In our Wiki it is mentioned that over time DMT N-oxide forms naturally from DMT FB over time because of exposure to air.

However, What direct evidence is there for this? Sorry if it is out there and I can't find it. The only hard evidence I can find of oxide formation so far is from metabolism or chemical treatment (e.g. peroxide).

Could there be a confusion here with DMT polymerization over time (NOT oxidation)? In this thread from benzyme polymerization of free base is discussed. Benzyme showed how it can be undone with TASA and Jees showed that it can be also be undone with an acidic water treatment.

We have an entry in our Wiki to convert N-oxide into DMT FB. Could that instead really be about de-polymerizing with an acid step? If so the zinc would not be required to go from goo to xtals.

Practical detail: there was betterment in 1 experiment (like 50% orange goo -> crystals) in a process where {redissolving in acetic acid} was a part of a zink reduction. Tests are needed for asserting a claims about the role of redissolving on it's own without the zink stuff.

This is exactly what you did with the vitC + citric acid in post #24, instead of my vinegar try, and clearly had better result than my 50%.

I also think there is no relevant transformation N -> N-Oxide at regular conditions. It only forms in contact with O2-radicals and these occur quite to a lesser extent if no UV-rays are present. This means in no direct sun that reaction should be slowed down super much and in dark enclosed cavities there seems to be no transformation for years?

So you would really have to force it by placing your goodies in direct sun, otherwise there seems to be no reaction?

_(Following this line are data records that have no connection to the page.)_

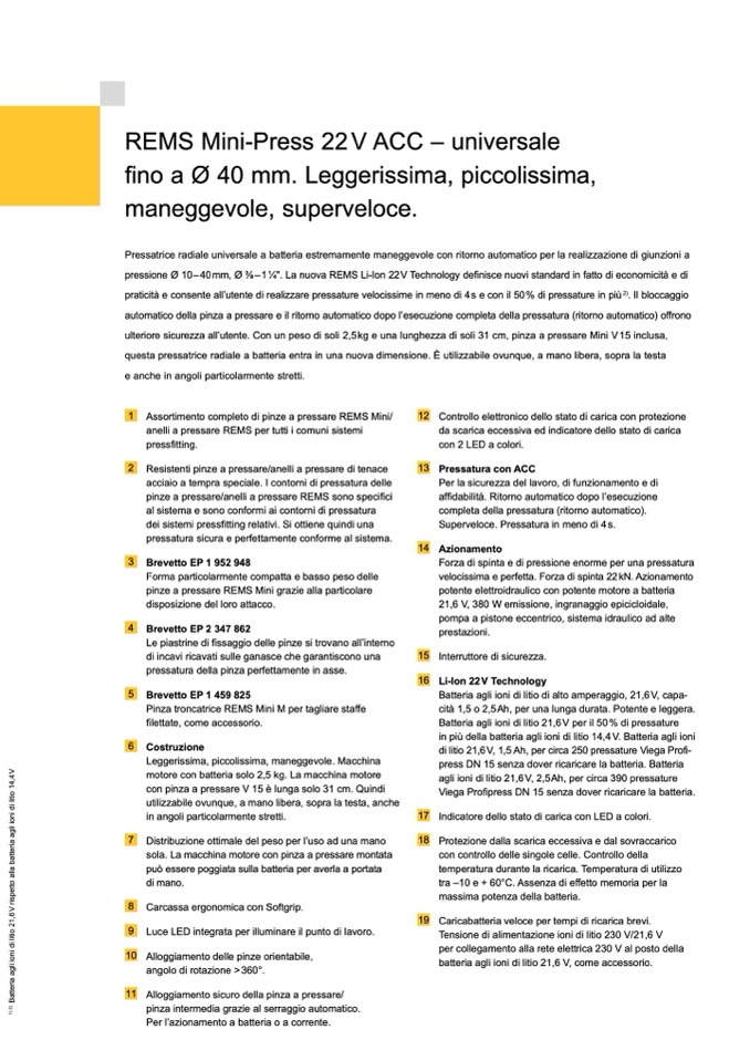 pressione Ø 10–40mm, Ø 3⁄8–11⁄4". La nuova REMS Li-Ion 22V Technology definisce nuovi standard in fatto di economicità e di
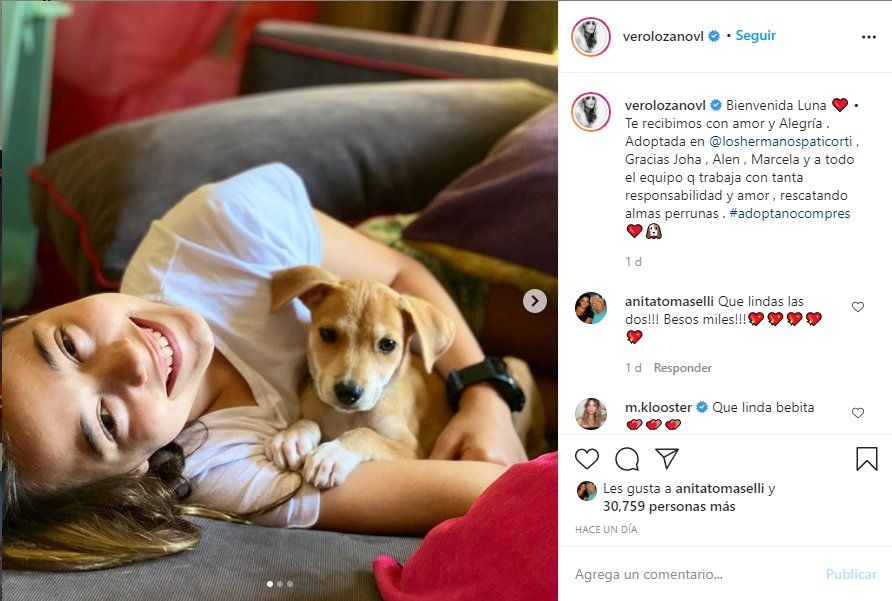 La publicación de Verónica Lozano alcanzó rápidamente más de 29.000 Me Gusta y agradó a sus fanáticos en las redes , quienes no dudaron en elogiar la decisión de haber adoptado. "¡¡¡¡Bienvenida!!!! Gracias por darle un hogar hermoso", "Que hermoso que hayan adoptado", fueron solo algunos de los mensajes que recibió la conductora.
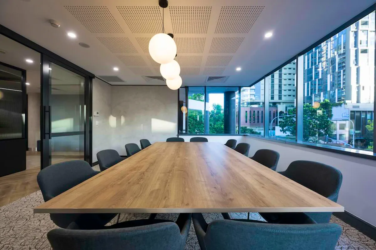 The acoustic panelling used across the reception and boardroom resolved the practical need for sound management while functioning as a feature element that elevates the visual quality of the space, an approach that adds perceived value for prospective tenants without a disproportionate cost implication.
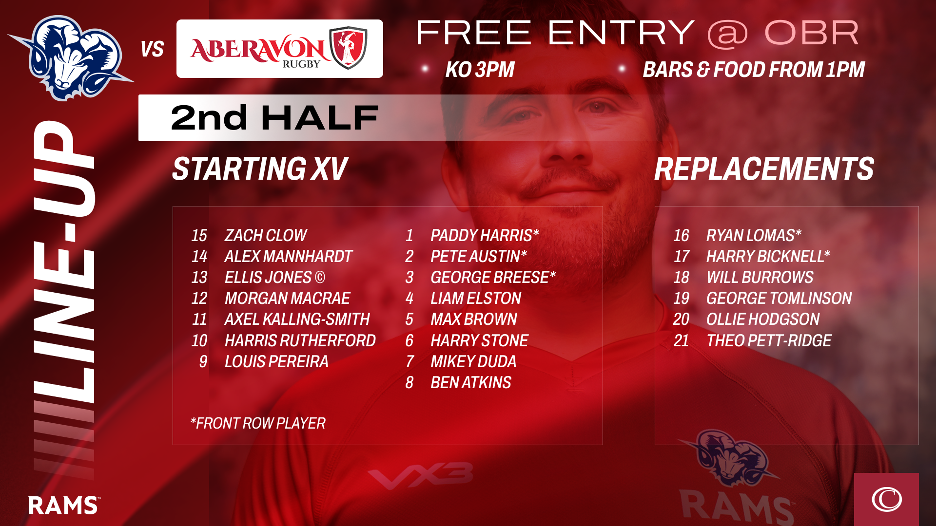 Rams second-half team Vs. Aberavon

Thanks Jees. To clarify those experiments:

With post #3 and #4, you discovered that doing several acid/base treatments "de-polymerized' the goo to the point of making 23% of it xtals (a very important observation). With a later zinc + acid + stirrer (post #15) you found 50% "depolymerization". We don't know if the difference is because the zinc helped de-polymerize DMT or if it was simply because of the action of acetic acid breaking up the polymer slowly over time with a stirrer. However based on what I tested inspired by your finding of goo -> xtals, zinc is not neeccesary since a good conversion happened with acids + stirring and no zinc. As you say, we still really don't know if zinc would speed depolymerization up or not, but I guess it does not matter - I could be wrong that's just a guess on my part. Also, it looks like Benzyme had some success with tartaric acid (no zinc) in post #15.

If yields are better without zinc, it's even possible that zinc reduction stabilizes the polymer!

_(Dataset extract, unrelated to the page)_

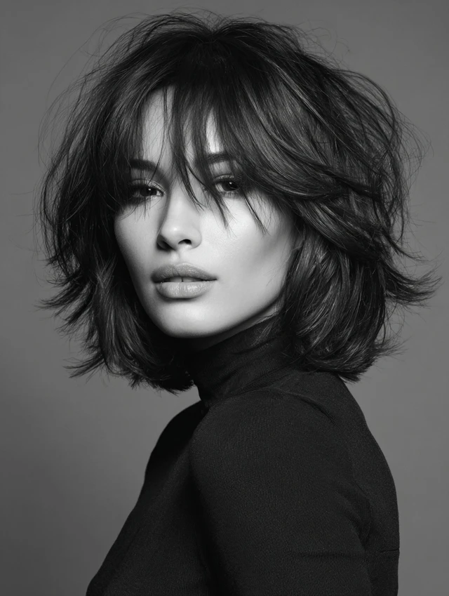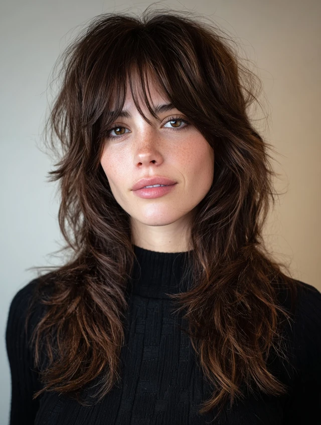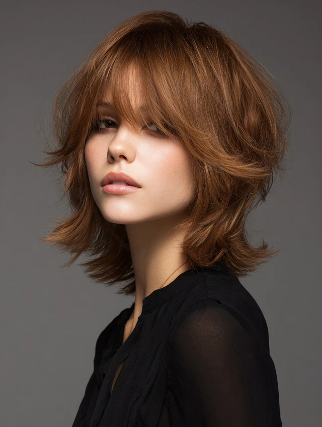 This shag cut features heavy layers and choppy ends for an edgy, voluminous look. It suits oval, heart, and long faces, adding movement to medium or thick hair.
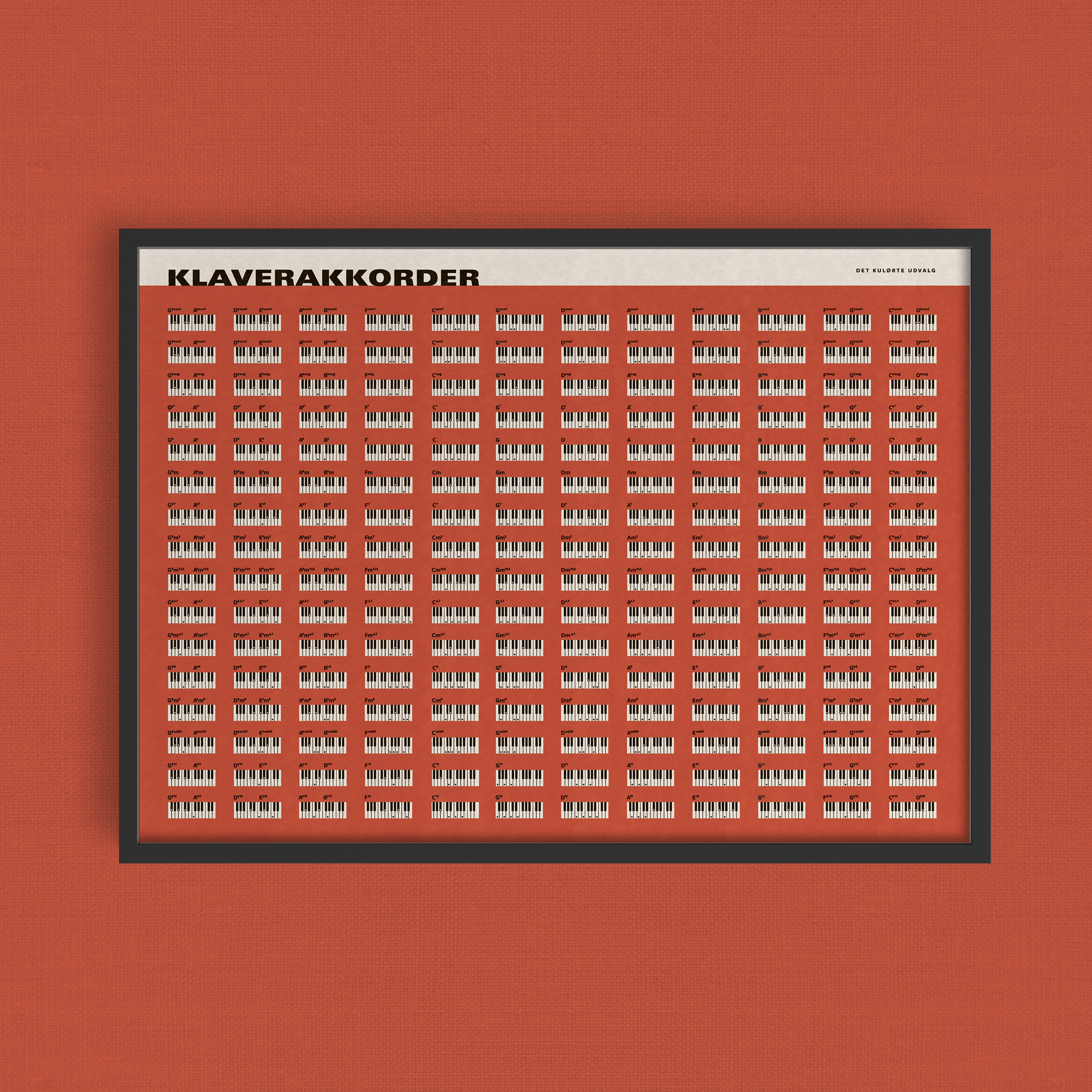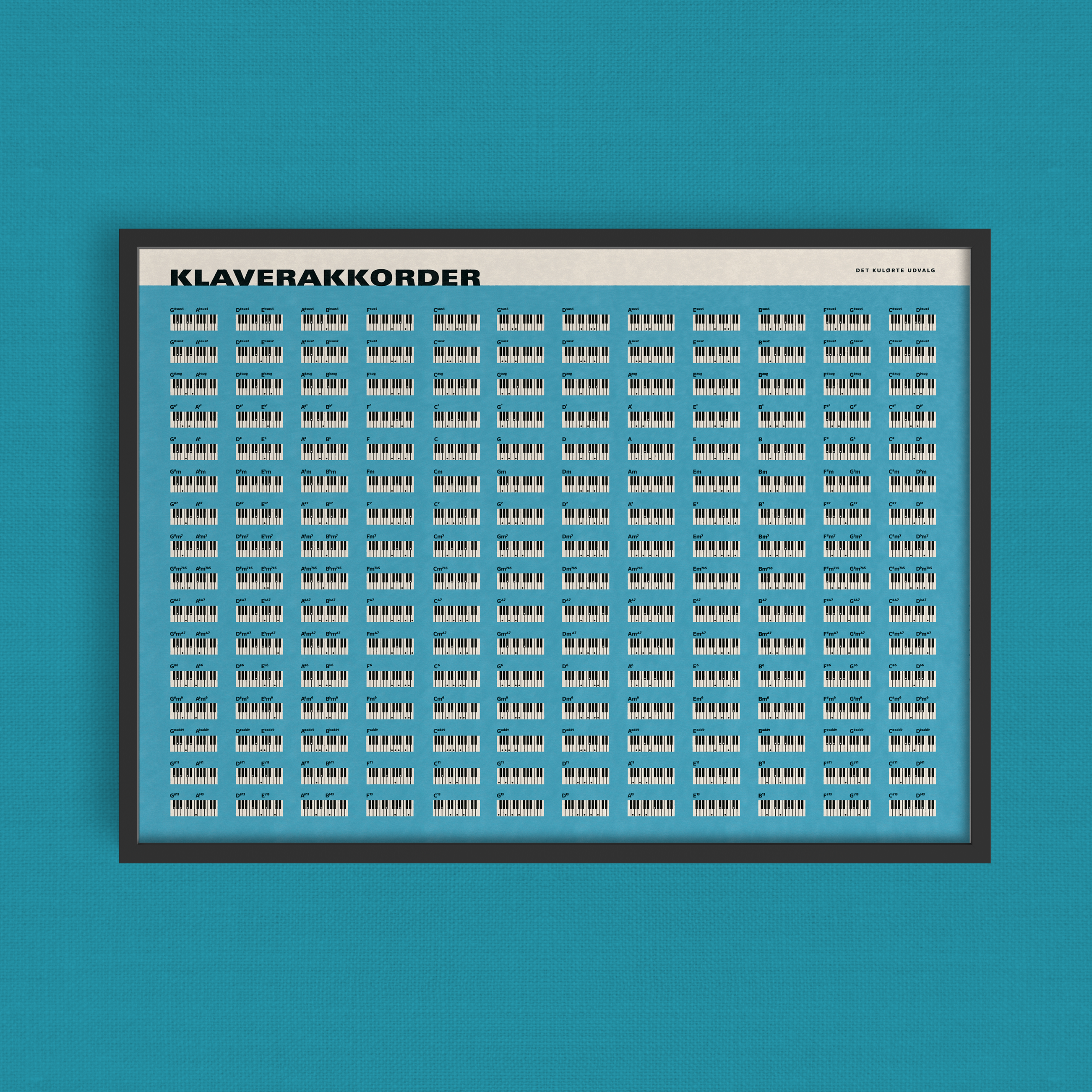 Plakat med de fleste og mest almindelige klaverakkorder.

Is there anyone out there who can do something like solid-state NMR on a sample of goo? What other analytical technique would be most informative about the bonding state in the DMT goo?

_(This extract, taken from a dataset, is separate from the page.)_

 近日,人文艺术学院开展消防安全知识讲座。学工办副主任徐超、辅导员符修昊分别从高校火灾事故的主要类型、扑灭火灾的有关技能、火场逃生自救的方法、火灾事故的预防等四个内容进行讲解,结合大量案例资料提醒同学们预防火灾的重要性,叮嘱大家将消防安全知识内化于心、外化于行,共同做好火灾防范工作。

Apparently indole aggregates can change luminescence. The more aggregation, the longer the wavelength (at least in the attached example, which I'm not sure would apply to DMT).

So when converting orange goo (aggregated DMT candidate) to crystals (less aggregated DMT candidate) using acid water (example), monitoring progress with a UV light may be interesting: orange goo may be red/green under UV right after dissolving in acid, and change towards blue or UV transparent while being "de-polymerized" by the acid over time.

For testing purposes, I think one can get the orange goo back from xtals using a concentrated basing step with high ionic strength + time. Heated naphtha seems to be needed to pick up the polymerized DMT which will crash as orange oil before xtals when cooling.